Saturday 15 January 2011

Catholic School Admissions: Sanity in Boston

Last year, two US dioceses came under fire for decisions to exclude children of lesbian parents. In Boulder, Colorado the decision was widely condemned, but stayed in place. In Boston, the specific decision was rapidly revoked, with accompanying promises to formulate a new formal policy on admissions that would apply to Catholic schools in the diocese. That policy has just been unveiled - and is eminently sensible.  No school will be permitted to discriminate against any child - but prospective parents must understand that "Catholic teaching" is an essential part of the curriculum.

Well, great. "Catholic teaching" includes the well-known and disordered teaching on same sex relationships, but that really is a very small part of the totality of Church teaching.
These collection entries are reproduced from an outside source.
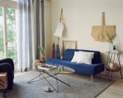 鮮やかなブルーの低くゆったりしたソファに、ブルー×ホワイトのストライプカーテンを合わせた、涼しげな青のコーディネート。ガラストップのローテーブルと、サイドテーブルの一筆書きの様な脚が、リビングに軽やかさ演出しています。ざっくりナチュラルな雰囲気の小物や雑貨を加えて、心地よい風が吹き抜ける爽やかなリビングに。 Photo:Satoko Imazu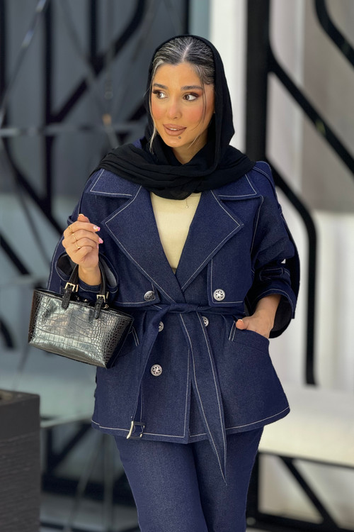 ترنچ کت جین گرم بالا و بخیه رو کار مناسب پاییز و زمستان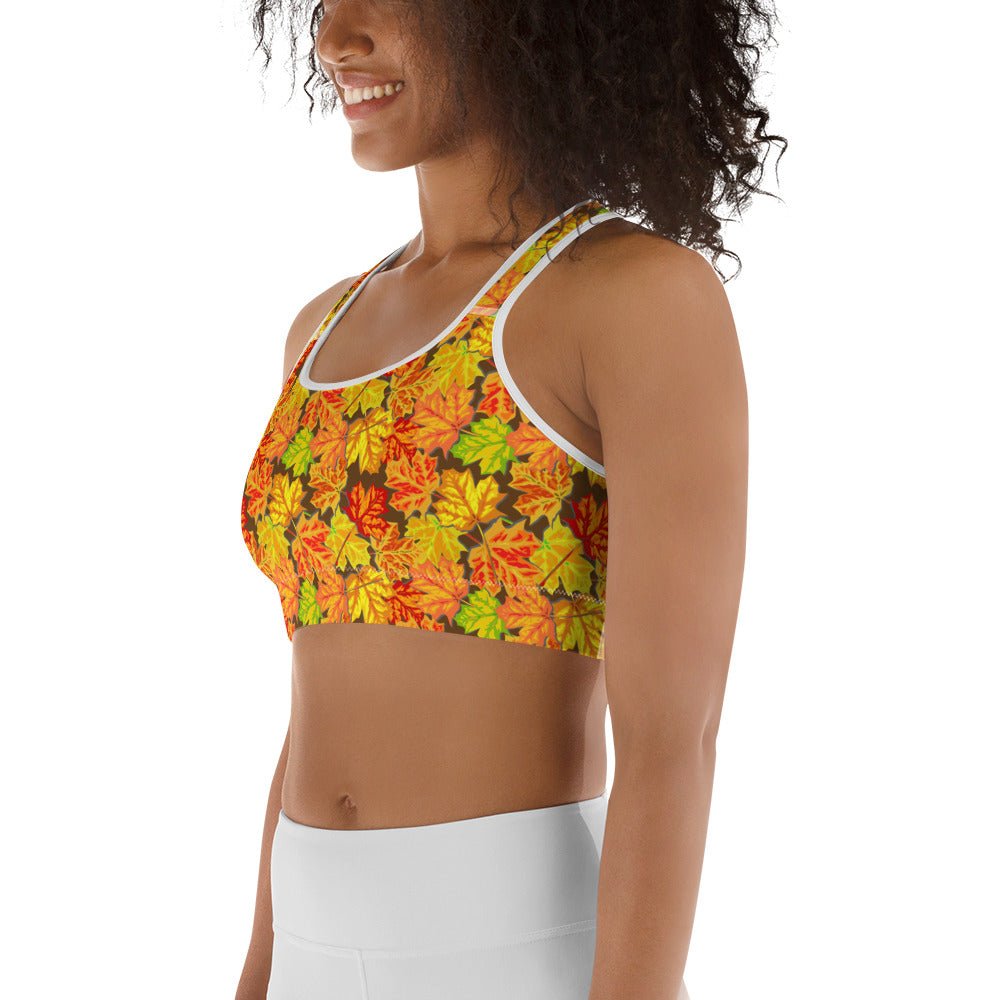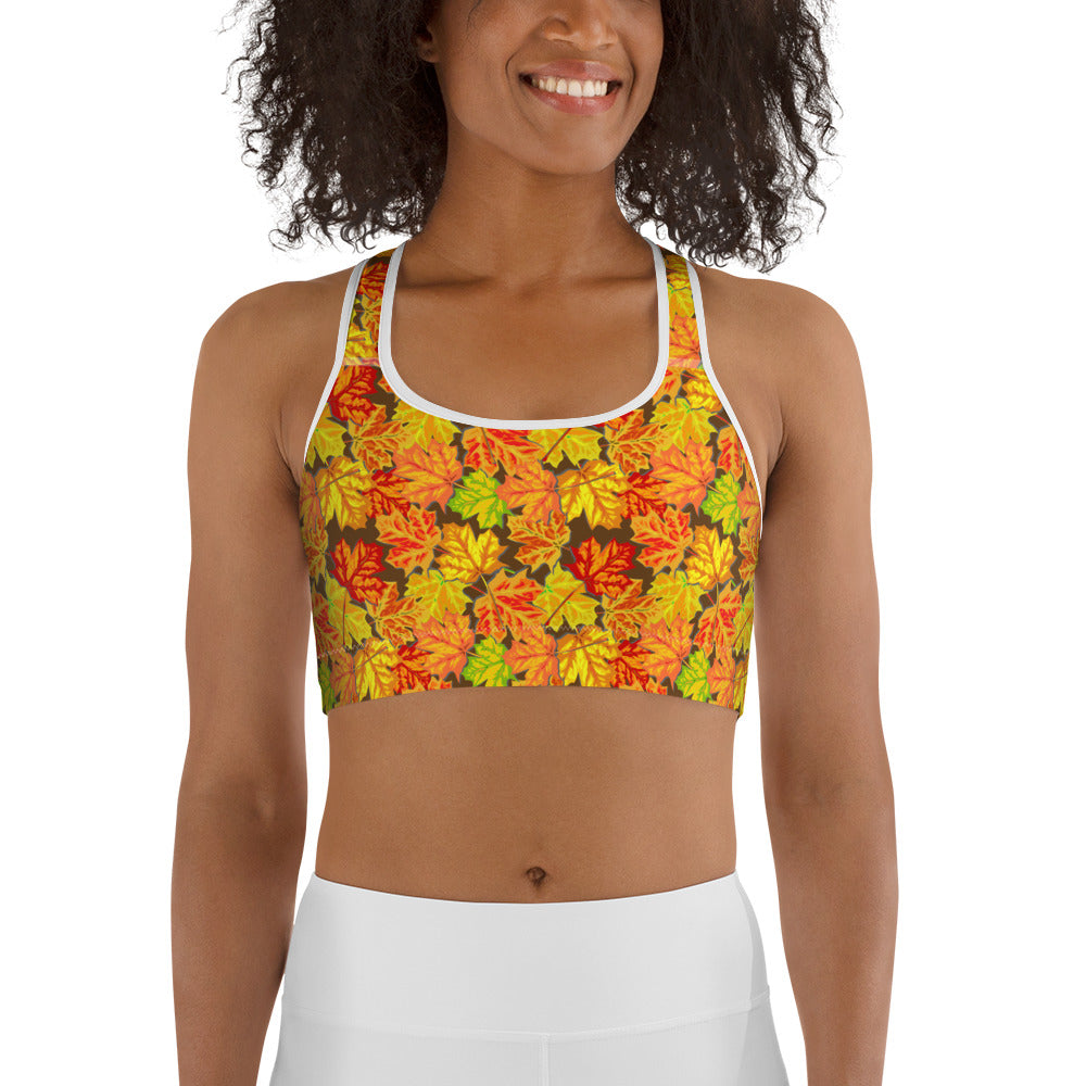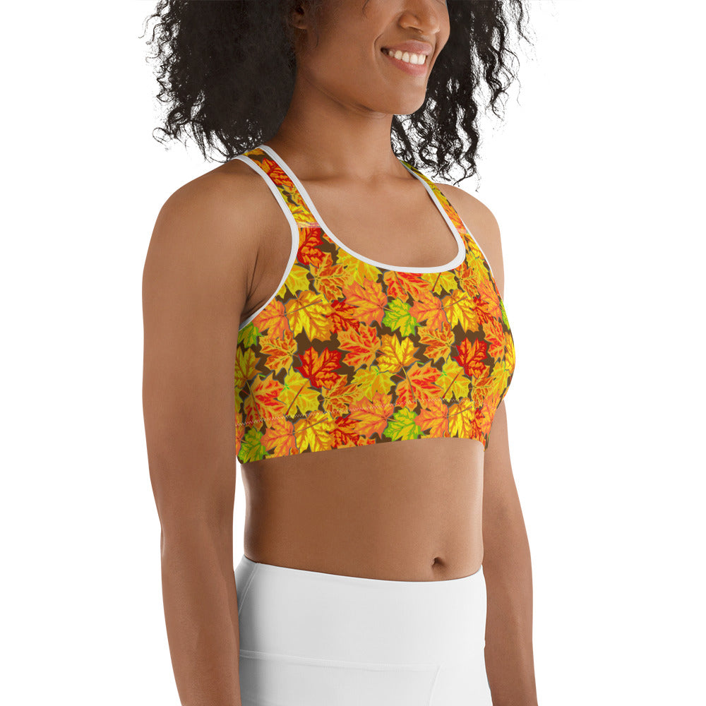Fallen Fall Leaves Yoga Sports Bra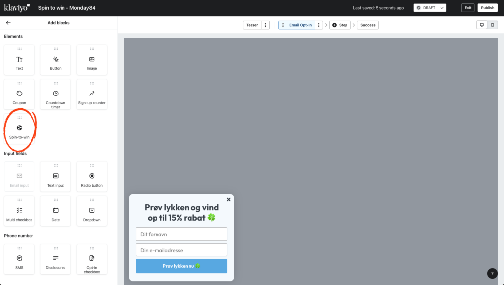 Det er ret lige til at komme i gang med deres lykkehjul. Når man laver en tilmeldingsformular i Klaviyo, er det egentligt bare en ekstra block, nemlig selve lykkehjulet, som skal tilføjes:
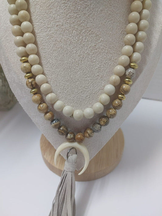 Natural Jasper Gemstone Beads Necklace & Horn Crescent Moon Pendant 36" Bohemian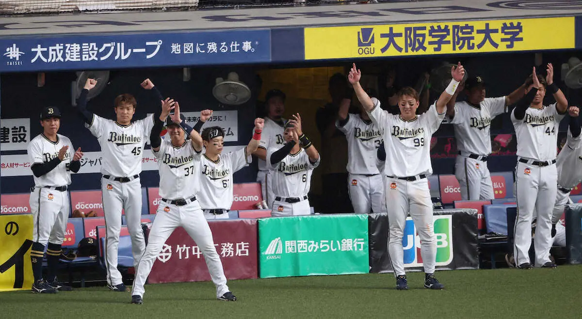 <オ・ロ>7回2死二塁、T-岡田の中前打に湧くオリックスナイン(撮影・平嶋 理子)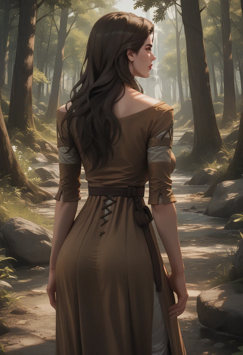 Camilla_ver1, long hair, brown hair, lips, breasts, brown dress, cleavage,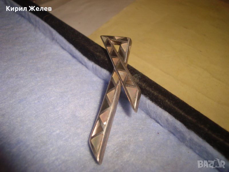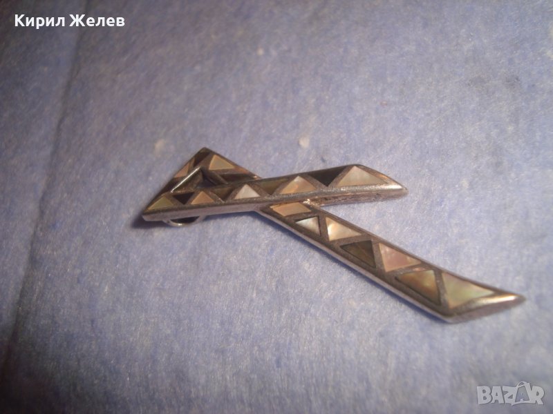 ДИЗАЙНЕРСКИ СЕДЕФЕН КРАСИВ СРЕБЪРЕН АРТ МЕДАЛЬОН СРЕБРО 925 с РЪЧНО ИНКРУСТИРАН СЕДЕФ 27212

Far more prominent is a consistent emphasis on justice, inclusion of all, and standing up for the oppressed, as Archbishop of Westminster, Vincent Nichols pointed out last year.  Michael B. Reardon, executive director of the Catholic Schools Foundation, which gives millions in scholarships to low-income students, says much the same thing:

“From the perspective of the foundation, the key part of this is that it does not exclude any group of students, and it promotes what is essential to Catholic education, which is inclusivity,’’ he said.
[caption id="" align="aligncenter" width="706" caption="In Boston Catholic Schools, All Now Welcome"][/caption]

There is one qualification: the policy required that decisions should be made "in the best interests of the child". It is at least feasible that some misguided pastors could interpret that as pointing to discrimination and exclusion, but I would think that in practice, that will be increasingly unlikely. Children of divorced and remarried parents, or of unmarried parents, are in exacltly the same position in terms of the family conflict with Chruch teaching - but are never excluded.  The two schools which last year took decisions to exclude  attractive extensiv media attention - but were heavily outweighed by the very many schools which already practice non-discrimination, and accept children from all family backgrounds - but go unreported.  One such school from the Boston diocese is St. John’s Preparatory School in Danvers. Thishas 1,250 boys in grades 9 to 12, and selects students based on entrance exams, grades, and teacher recommendations. The school has a policy that prohibits discrimination “based on race, color, national/ethnic origin, religion, physical ability, sexual orientation, social class, or economic status.’’ More and more schools will likewise adopted policies which explicitly prohibit discrimination based on orientation.

With just that one reservation, representatives of leading gay and lesbian Catholic organizations welcomed the new policy:

Marianne Duddy-Burke, executive director of the gay Catholic organization DignityUSA, praised the archdiocese for banning discrimination but wondered whether pastors and principals would interpret what is in “the best interest of the child’’ evenhandedly for all families.

“As long as the doctrine stands, it makes it really hard for the pastoral and the doctrinal aspects of our faith not to come into a clash,’’ Duddy-Burke said. “The people of the church are changing, and by and large very affirming of gay people, and the hierarchy and the doctrine are lagging decades behind.’’

But Charles G. Martel, cofounder of Catholics for Marriage Equality, said he hopes dioceses around the country will adopt Boston’s guidelines. “It very much conveys the message that children of same-sex couples are welcome to receive a Catholic education,’’ he said.